▶ WHAT YOU NEED TO DO
Please write out all of the data below exactly, without including the pictures.
Top of GIVEN ENTRIES
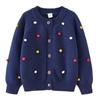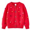 Hand-Crocheted Spring & Autumn Colorful Pom-Pom Girl's Cotton Cardigan
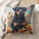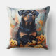 Halloween Rottweiler With Pumpkins Scary Cushion
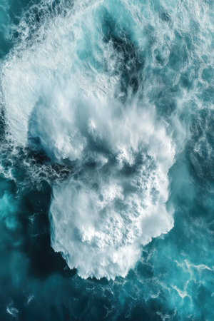 Dynamic close-up of swirling ocean waves and foam symbolizing power and natural beauty.
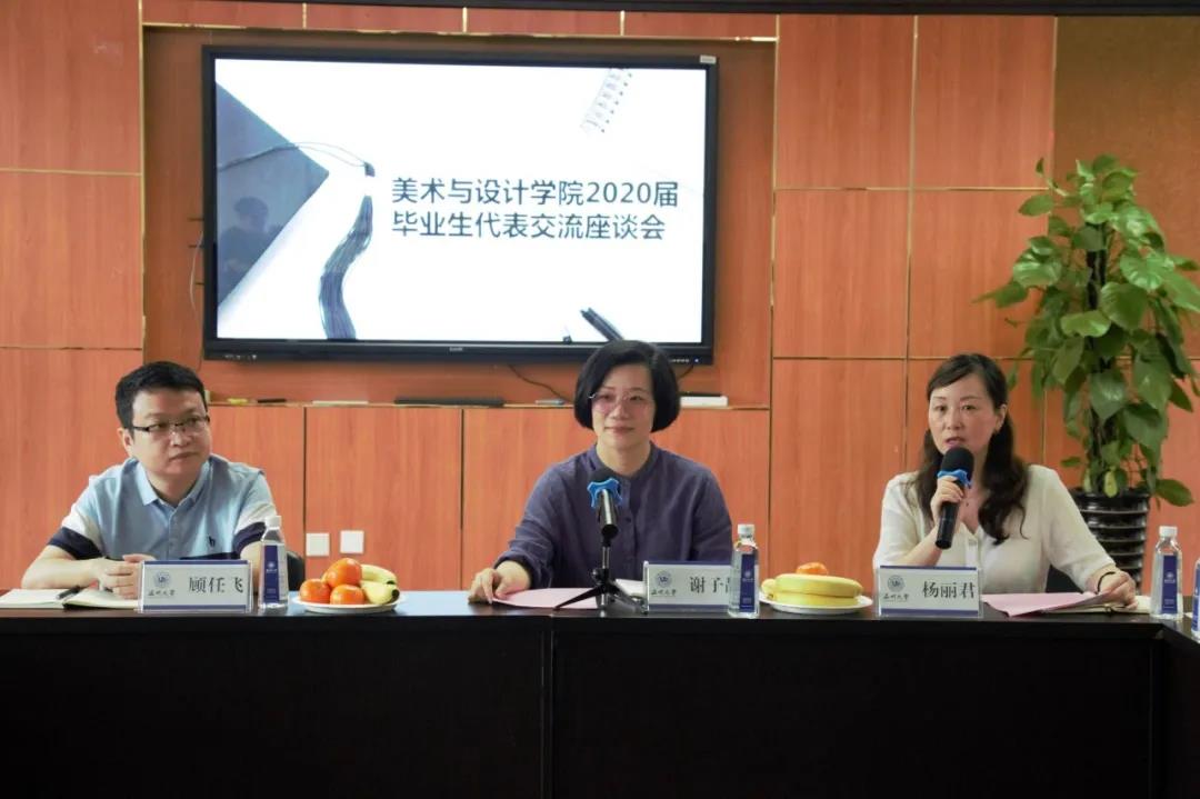 伊始,毕业生代表交流座谈会进入第一项议程。与会11名优秀毕业生们发言畅谈对大学生活的感悟,总结在校求学的丰硕收获,表达了对母校悉心栽培的诚挚感谢、衷心祝福与眷恋之情,也展望了未来的毕业规划与憧憬理想。其中17级课程教学论专业的研究生安亚锋表示自己对于温大有着深厚的感情,毕业后于欧江学院任职辅导员,也会时常回来看看美院这个大家庭;18级学科教学专业的研究生黄娇表示虽然短短两年时间但却有不少的收获,并且未来也将在教育学院任职辅导员继续努力为母校作出贡献;16级服装与设计专业的毕业生陆安分享了自己创业道路上的成长经验并对专业老师的指点与帮助表示诚挚感谢;16级美术师范专业的毕业生胡瑞明交流分享了自己的考研心路历程上的总结感想……座谈会上,杨唯、马婷婷、刘子彰、程子鹏、谢遵宪、徐宏博、胡梓涵等毕业生代表也先后发言。毕业生们纷纷分享了母校带给自己的烙印和打下的基础,感言中饱含对母校的深挚情感,表示在温大美院学习的经历是人生中宝贵的记忆和经历,值得用一生去收藏体悟,在将来的学习生活工作中将始终保持奋发有为的精神状态,不辜负老师们的培养和教育,用实际行动创造美好未来。
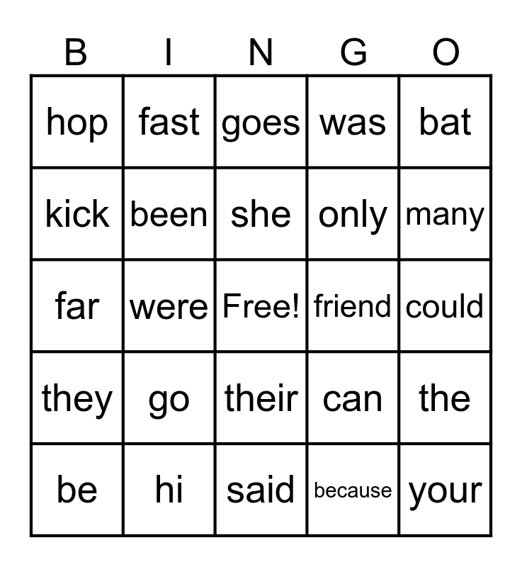 This bingo card has a free space and 24 words: go, hi, she, be, bat, hop, kick, fast, friend, their, only, far, can, the, been, because, could, goes, many, were, your, they, was and said.
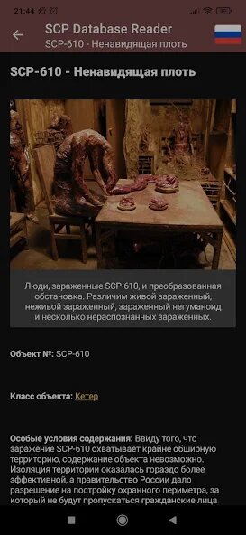 SCP Database Reader читай страшные и интересные статьи о паранормальных явлениях. SCP Database Reader — удобное приложение для чтения тысяч статей на множестве языков про опасные паранормальные явления и организацию, занимающуюся их поиском и сдерживанием. В приложении есть offline режим — можно пользоваться без интернета! Также вы получите доступ ко всем свежим статьям и сможете настроить внешний вид приложения под свой вкус!
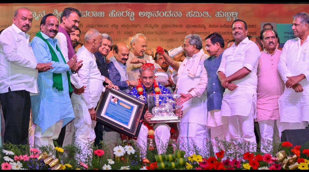 ಸಭಾಪತಿಗಳಾದ ಬಸವರಾಜ್ ಹೊರಟ್ಟಿ ಯವರನ್ನು ಪಕ್ಷಾತೀತವಾಗಿ ಇಂದು ಸನ್ಮಾನಿಸಲಾಗಿದೆ. ಎಲ್ಲ ಪಕ್ಷದವರೊಂದಿಗೆ ಉತ್ತಮ ಬಾಂಧವ್ಯ ಹೊಂದಿರುವ ಹೊರಟ್ಟಿಯವರು ಅಜಾತಶತ್ರು. ನೇರ ನುಡಿಯ ದಿಟ್ಟ ವ್ಯಕ್ತಿತ್ವದ ರಾಜಕಾರಣಿಯಾಗಿದ್ದಾರೆ. 1980 ರಲ್ಲಿ ವಿಧಾನಪರಿಷತ್ತಿನ ಶಾಸಕರಾಗಿದ್ದ ಇವರೊಂದಿನ ನನ್ನ ಸ್ನೇಹ ನಾಲ್ಕು ದಶಕಗಳದ್ದು. ಆಡಂಬರವಿಲ್ಲದ ಸ್ನೇಹಜೀವಿಯಾಗಿರುವ ಹೊರಟ್ಟಿಯವರು ಶಿಕ್ಷಕರ ಕ್ಷೇತ್ರದಿಂದ ಎಂಟು ಬಾರಿ ಶಾಸಕರಾಗಿದ್ದು, ಶಿಕ್ಷಕರ ಸಮಸ್ಯೆಗಳಿಗೆ ಧ್ವನಿಯಾಗಿದ್ದಾರೆ ಎಂದರು.
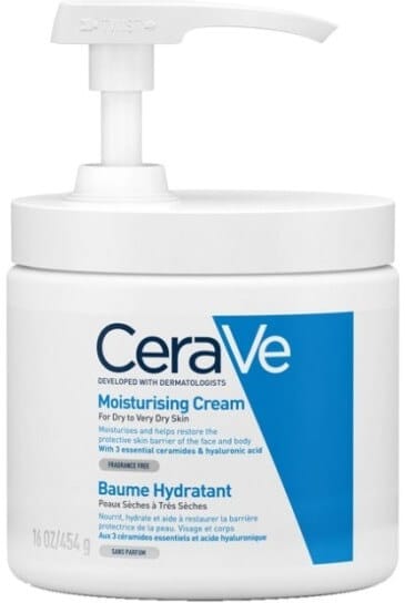 Η CeraVe Moisturising Cream, που έχει δημιουργηθεί μαζί με δερματολόγους, ενυδατώνει αποτελεσματικά, ενώ παράλληλα συμβάλλει στην αποκατάσταση του επιδερμιδικού φραγμού.
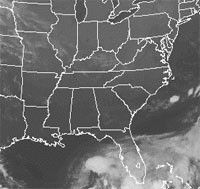 Figures 1 and 2, two images from the National Oceanic and Atmospheric Administration's Geostationary Operational Environmental Satellites show no significant weather systems over the southeastern United States on September 12 and September 28 (16 days apart). However, the microwave component of the Atmospheric Infrared Sounder Experiment on NASA's Aqua spacecraft shows a striking difference. The difference in the two microwave images (figures 3 and 4) from the AIRS Advanced Microwave Sounding Unit is primarily due to flooding after Tropical Storm Isidore. Water has a very low surface emissivity at this frequency, and that causes surface water to appear very cold (even though it is not). Land appears relatively warm (well above freezing - 273 K, even at night as seen is these images), but if there is standing water, the apparent temperature drops precipitously. Figure 4, taken just about a day after the remnants of Isidore passed over the southeast, shows heavy flooding along the Mississippi, especially in the states of Mississippi and Tennessee, but other states are also affected. The spatial resolution of the AMSU-A instrument is relatively large (each measurement spot is about 25 miles in diameter at the center of the swath), but the enormous thermal contrast in the microwave between land and water makes even small flooded areas stand out.
Bottom of GIVEN ENTRIES
▶ OUTPUT BELOW
 Hand-Crocheted Spring & Autumn Colorful Pom-Pom Girl's Cotton Cardigan
 Halloween Rottweiler With Pumpkins Scary Cushion
 Dynamic close-up of swirling ocean waves and foam symbolizing power and natural beauty.
 伊始,毕业生代表交流座谈会进入第一项议程。与会11名优秀毕业生们发言畅谈对大学生活的感悟,总结在校求学的丰硕收获,表达了对母校悉心栽培的诚挚感谢、衷心祝福与眷恋之情,也展望了未来的毕业规划与憧憬理想。其中17级课程教学论专业的研究生安亚锋表示自己对于温大有着深厚的感情,毕业后于欧江学院任职辅导员,也会时常回来看看美院这个大家庭;18级学科教学专业的研究生黄娇表示虽然短短两年时间但却有不少的收获,并且未来也将在教育学院任职辅导员继续努力为母校作出贡献;16级服装与设计专业的毕业生陆安分享了自己创业道路上的成长经验并对专业老师的指点与帮助表示诚挚感谢;16级美术师范专业的毕业生胡瑞明交流分享了自己的考研心路历程上的总结感想……座谈会上,杨唯、马婷婷、刘子彰、程子鹏、谢遵宪、徐宏博、胡梓涵等毕业生代表也先后发言。毕业生们纷纷分享了母校带给自己的烙印和打下的基础,感言中饱含对母校的深挚情感,表示在温大美院学习的经历是人生中宝贵的记忆和经历,值得用一生去收藏体悟,在将来的学习生活工作中将始终保持奋发有为的精神状态,不辜负老师们的培养和教育,用实际行动创造美好未来。
 This bingo card has a free space and 24 words: go, hi, she, be, bat, hop, kick, fast, friend, their, only, far, can, the, been, because, could, goes, many, were, your, they, was and said.
 SCP Database Reader читай страшные и интересные статьи о паранормальных явлениях. SCP Database Reader — удобное приложение для чтения тысяч статей на множестве языков про опасные паранормальные явления и организацию, занимающуюся их поиском и сдерживанием. В приложении есть offline режим — можно пользоваться без интернета! Также вы получите доступ ко всем свежим статьям и сможете настроить внешний вид приложения под свой вкус!
 ಸಭಾಪತಿಗಳಾದ ಬಸವರಾಜ್ ಹೊರಟ್ಟಿ ಯವರನ್ನು ಪಕ್ಷಾತೀತವಾಗಿ ಇಂದು ಸನ್ಮಾನಿಸಲಾಗಿದೆ. ಎಲ್ಲ ಪಕ್ಷದವರೊಂದಿಗೆ ಉತ್ತಮ ಬಾಂಧವ್ಯ ಹೊಂದಿರುವ ಹೊರಟ್ಟಿಯವರು ಅಜಾತಶತ್ರು. ನೇರ ನುಡಿಯ ದಿಟ್ಟ ವ್ಯಕ್ತಿತ್ವದ ರಾಜಕಾರಣಿಯಾಗಿದ್ದಾರೆ. 1980 ರಲ್ಲಿ ವಿಧಾನಪರಿಷತ್ತಿನ ಶಾಸಕರಾಗಿದ್ದ ಇವರೊಂದಿನ ನನ್ನ ಸ್ನೇಹ ನಾಲ್ಕು ದಶಕಗಳದ್ದು. ಆಡಂಬರವಿಲ್ಲದ ಸ್ನೇಹಜೀವಿಯಾಗಿರುವ ಹೊರಟ್ಟಿಯವರು ಶಿಕ್ಷಕರ ಕ್ಷೇತ್ರದಿಂದ ಎಂಟು ಬಾರಿ ಶಾಸಕರಾಗಿದ್ದು, ಶಿಕ್ಷಕರ ಸಮಸ್ಯೆಗಳಿಗೆ ಧ್ವನಿಯಾಗಿದ್ದಾರೆ ಎಂದರು.
 Η CeraVe Moisturising Cream, που έχει δημιουργηθεί μαζί με δερματολόγους, ενυδατώνει αποτελεσματικά, ενώ παράλληλα συμβάλλει στην αποκατάσταση του επιδερμιδικού φραγμού.
 Figures 1 and 2, two images from the National Oceanic and Atmospheric Administration's Geostationary Operational Environmental Satellites show no significant weather systems over the southeastern United States on September 12 and September 28 (16 days apart). However, the microwave component of the Atmospheric Infrared Sounder Experiment on NASA's Aqua spacecraft shows a striking difference. The difference in the two microwave images (figures 3 and 4) from the AIRS Advanced Microwave Sounding Unit is primarily due to flooding after Tropical Storm Isidore. Water has a very low surface emissivity at this frequency, and that causes surface water to appear very cold (even though it is not). Land appears relatively warm (well above freezing - 273 K, even at night as seen is these images), but if there is standing water, the apparent temperature drops precipitously. Figure 4, taken just about a day after the remnants of Isidore passed over the southeast, shows heavy flooding along the Mississippi, especially in the states of Mississippi and Tennessee, but other states are also affected. The spatial resolution of the AMSU-A instrument is relatively large (each measurement spot is about 25 miles in diameter at the center of the swath), but the enormous thermal contrast in the microwave between land and water makes even small flooded areas stand out.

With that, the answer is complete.